2. For #1. Is it true that $\left\{ {i, - i} \right\} \subseteq R$?

For #2b. If $\left\{ {p,q} \right\} \subseteq S$ then because the mapping is onto we get $\left( {\exists r_p } \right)\left( {\exists r_q } \right)\left[ {f(r_p ) = p\,\& \,f(r_q ) = q} \right]$.
This means because R is commutative, $\left( {r_p * r_q } \right) = \left( {r_q * r_p } \right)$. Which means $p \cdot q = f\left( {r_p } \right) \cdot f\left( {r_q } \right) = f\left( {r_p * r_q } \right) = f\left( {r_q * r_p } \right) = f\left( {r_q } \right) \cdot f\left( {r_p } \right) = q \cdot p$

3. Originally Posted by Jason Bourne
2. Let R,S be rings and suppose $f:R \rightarrow S$ is a ring homomorphism. Suppose $im(f) = S$
(a) Show that if R has an identity element then S has an identity element.
Suppose that there exists an element $1$ such that $1x=x1=x$ for all $x\in R$. Then we claim that $f(1)$ is the identity element for $S$. We need to show $sf(1)=f(1)s=s$ for all $s\in S$. Since the function is onto it means $s=f(r)$. That means $sf(1) = f(r)f(1)=f(r1)=f(r)=s$ and similarly $f(1)s=s$.

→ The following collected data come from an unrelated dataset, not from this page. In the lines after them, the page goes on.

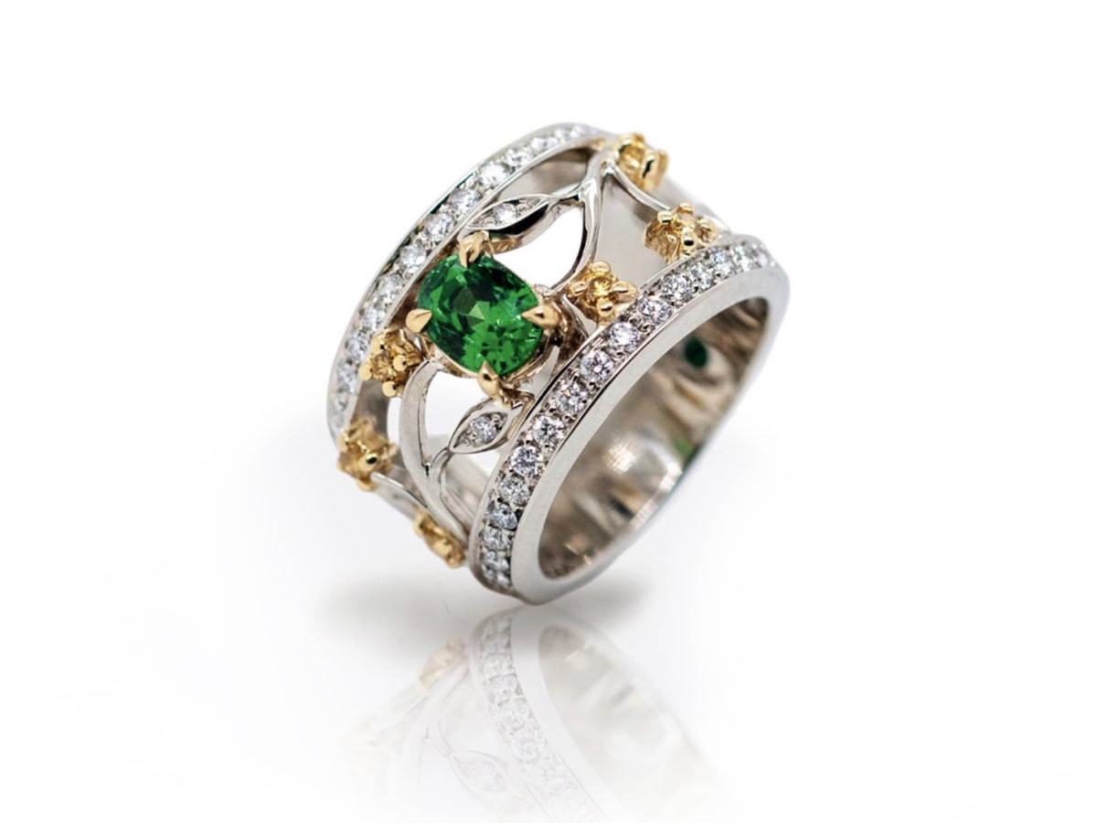 Highlighted by a lush green tsavorite garnet embellished by floral diamonds, foliate motifs and centre framed with 18kt yellow and white gold.
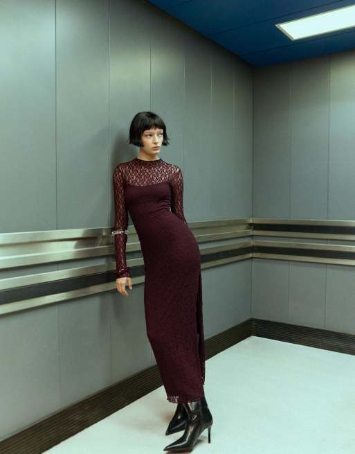 Bershka - Robe mi-longue en dentelle transparente à manches longues - Bordeaux
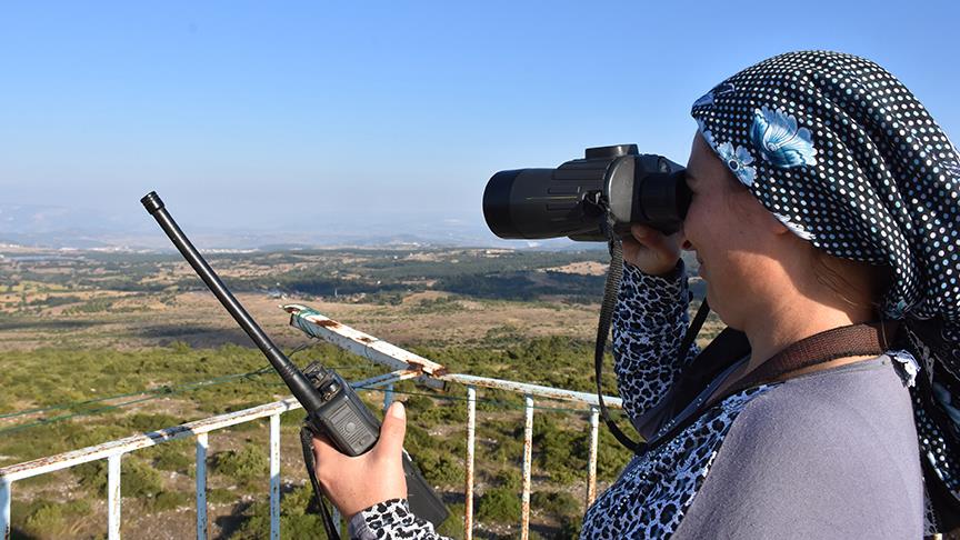72 köyün içinde bulunduğu 100 bin hektar alanı kapsayan sorumluluk sahasını belirli periyotlarla kuleden dürbünle tarayan Ünsal, tehlike anında telsizle durumu ilgililere bildiriyor.
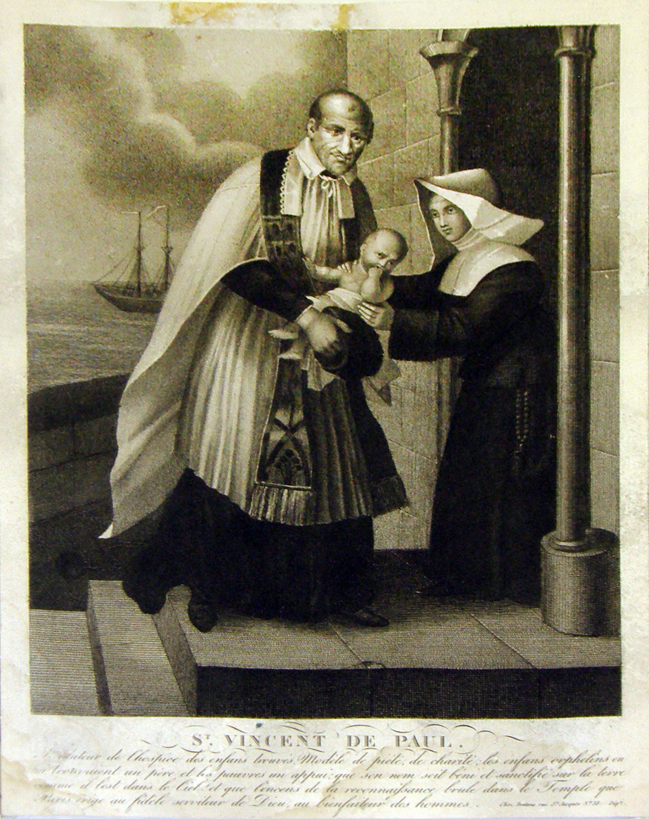 Vincent de Paul, cassock, surplice, stole, bring child to a Sister; ship in background; French text; original in CM archives, Paris
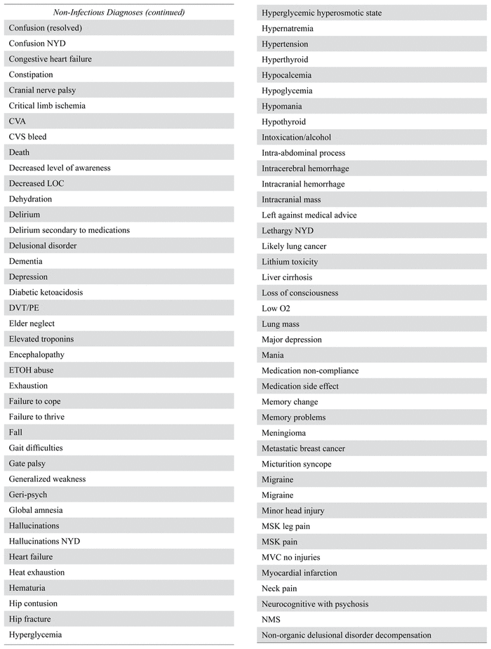9 Caterino JM, Kline DM, Leininger R, et al. Nonspecific symptoms lack diagnostic accuracy for infection in older patients in the emergency department. J Am Geriatr Soc. 2019;67(3):484–92.
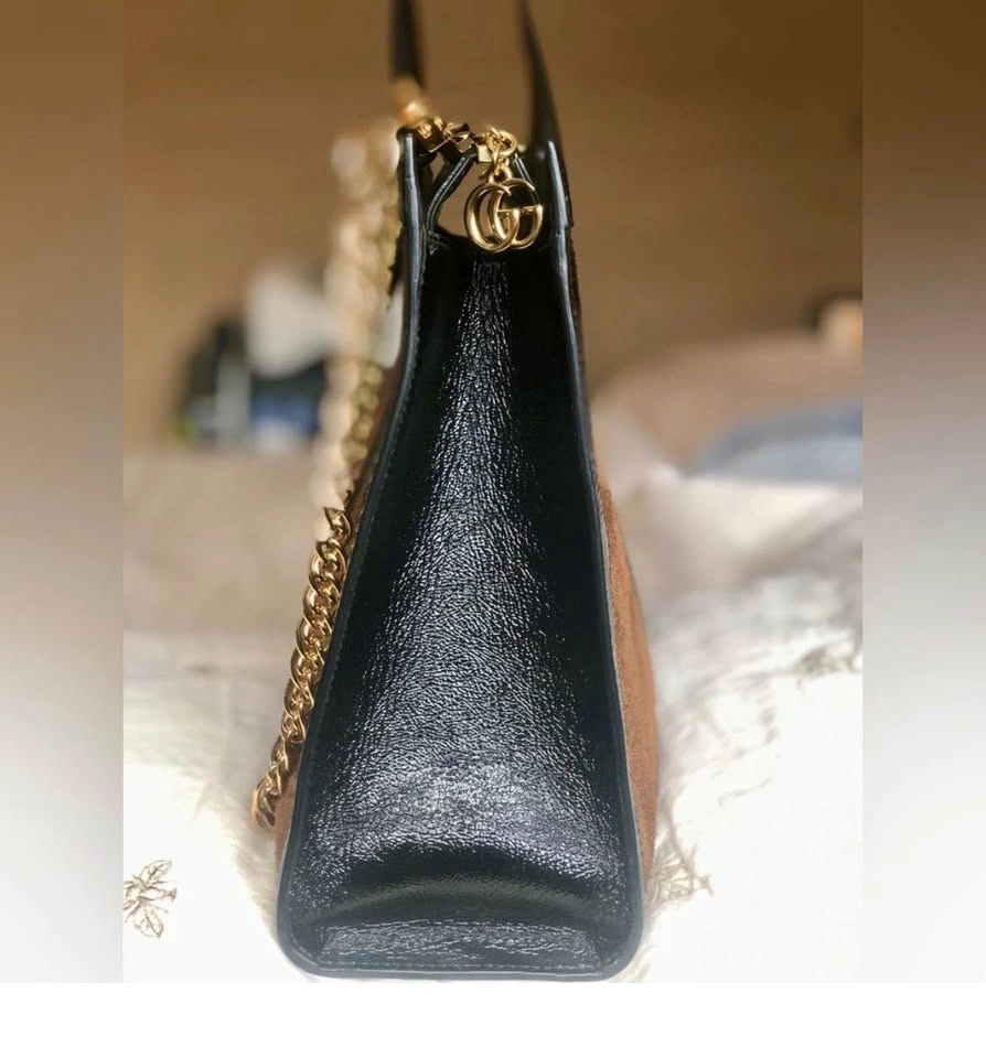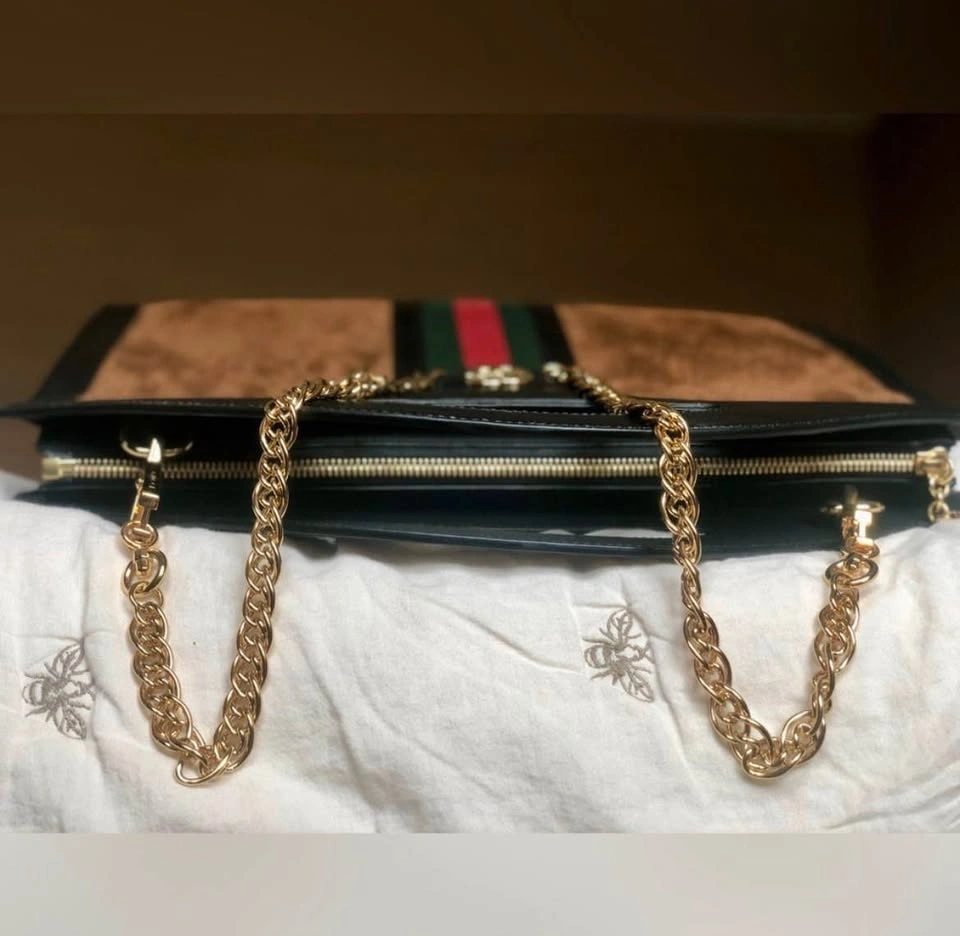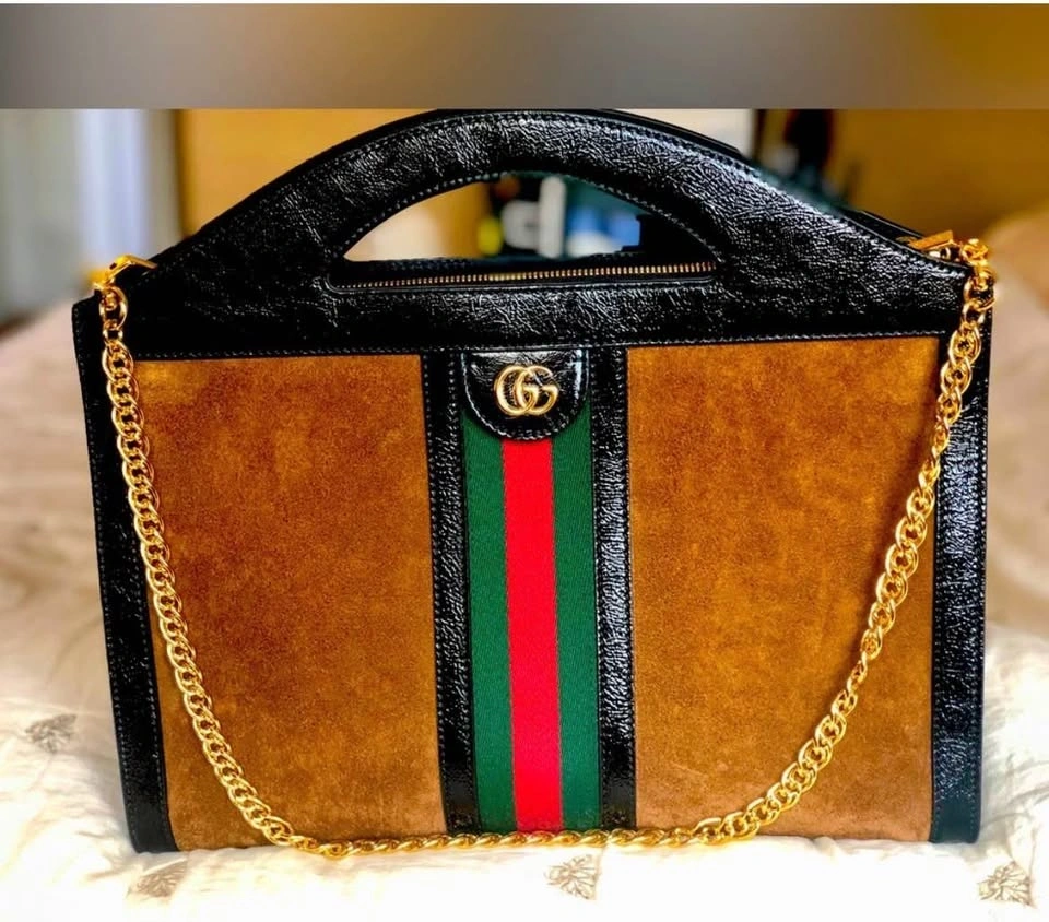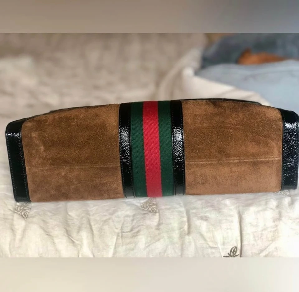 Gorgeous Gucci bag. Brown suede and black patent leather with the iconic green and red stripe. Features a gold GG logo on the front, a top handle, and a gold chain strap.
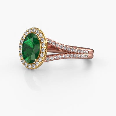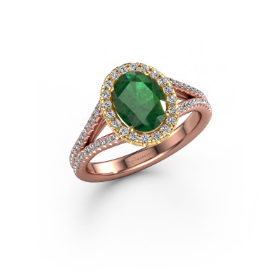 This 14 Carat rose gold ring is called Verla ovl 2 and is set with 8x6 mm emerald. Does your girlfriend fancy exclusive jewellery? Or would you like to show her that she deserves the finest jewellery? This rose gold ring is pure craftsmanship, love and passion combined with the latest techniques coming together in perfect harmony. It requires a keen eye, patience and a skilful hand to mould this ring into perfection. Just the job for our expert goldsmith! The emerald set gemstones gives this rose gold ring an extra glamorous appearance. Customize the style of the split band engagement ring to her liking with a wide variety of precious metals and gemstones which you select. That is how you create a unique ring for the most exclusive woman in your life! This jewel is made by a team of passionate goldsmiths and jewel designers. This will make your crown jewel truly eye-catching.By using our modern techniques, we can design and customize the finest quality jewels with the utmost care for you. Our engagement rings are always priced 30 percent lower than other jewellers. We make engagement rings to order so we don't have to maintain a large stock. If you have a certain budget, we are more than happy to advice you accordingly.Our team adds new designs to our online collection daily. Our designers and goldsmiths work together in creating the best design. We strive to offer a diverse collection of jewels. Perhaps you have a specific jewel design in mind. One you came across somewhere. Please contact us for a free consultation. We will make you an offer, based on a fair price/ quality ratio, that will baffle you.To make it easier for you, we offer a 30 day return policy. Check our terms and conditions.
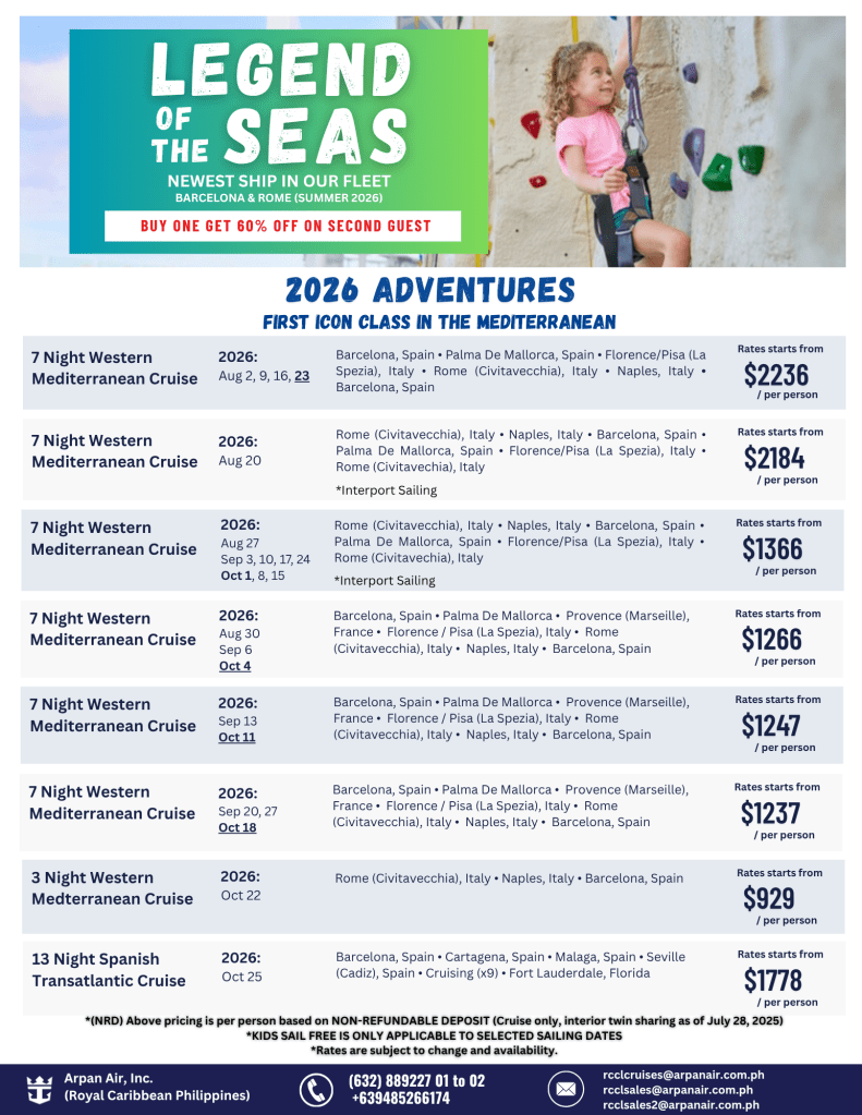 LEGEND OF THE SEAS BARCELONA & ROME (SUMMER 2026 ADVENTURES) If you are interested to join this tour, please fill in your details below: Go backThank you for your interest! A member of our team will get in touch with you. Name:(required) Warning Email Address:(required) Warning Mobile Number:(required) Warning Warning. SendSubmitting form Δ
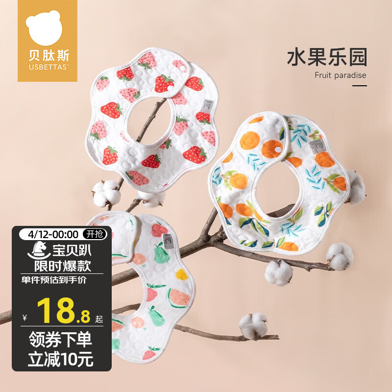 ¥10.8 贝肽斯口水巾婴儿口水围兜新生宝宝纯棉防吐奶柔软透气围嘴巾 水果乐园(花瓣款 3条装) 通用 28.8
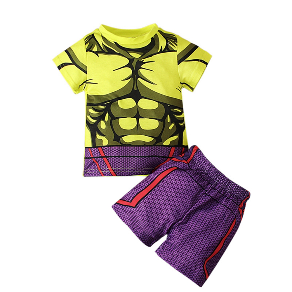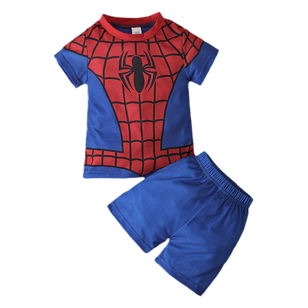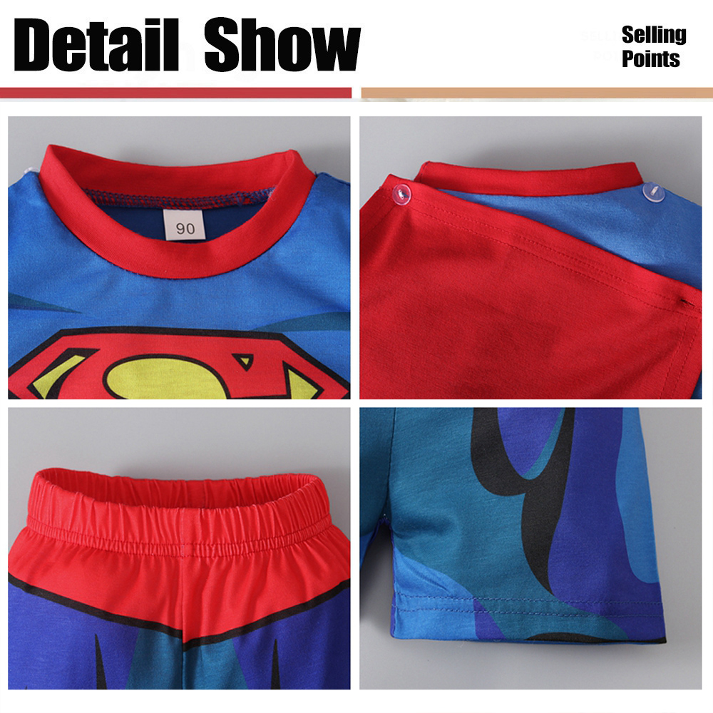 Summer Kids Boys Clothing Set Superhero Supermans Spiderman Ironman Bat-man Holk Captain America Print T-shirts + Short Pants Children Clothes Suits Sleepwear For Boy High Quality Age 1-8 Years
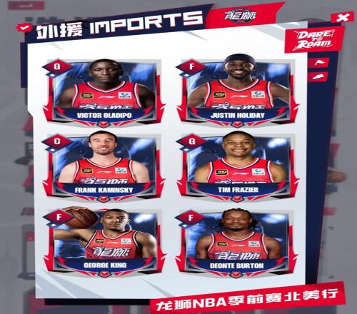 在本次NBA季前賽開始前,廣州龍獅俱樂部一口氣簽下奧拉迪波、賈斯汀·霍勒迪、卡明斯基、蒂姆·弗雷澤、喬治·金和德恩特·伯頓等六位臨時外援,在為期半個月的北美行期間,他們參與到廣州龍獅的日常行程和訓(xùn)練當(dāng)中,并隨隊(duì)征戰(zhàn)即將到來的三場NBA季前賽。他們在爭取留在NBA,同時廣州隊(duì)或者其他CBA球隊(duì)也可以通過NBA季前賽考察這些球員。

(C) Is it true that if R is an integral domain then S is an integral domain? Justify your assertion.
No, it is not true. Let $R = \mathbb{Z}$ and $S = \mathbb{Z}_4$. For $x\in R$ let $f(x) = [x]_4$ to be the congruence class of $x$ mod 4. Then $f$ is a ring homomorphism and $\text{Im}(f) = S$ but $R$ is an integral domain and $S$ is not.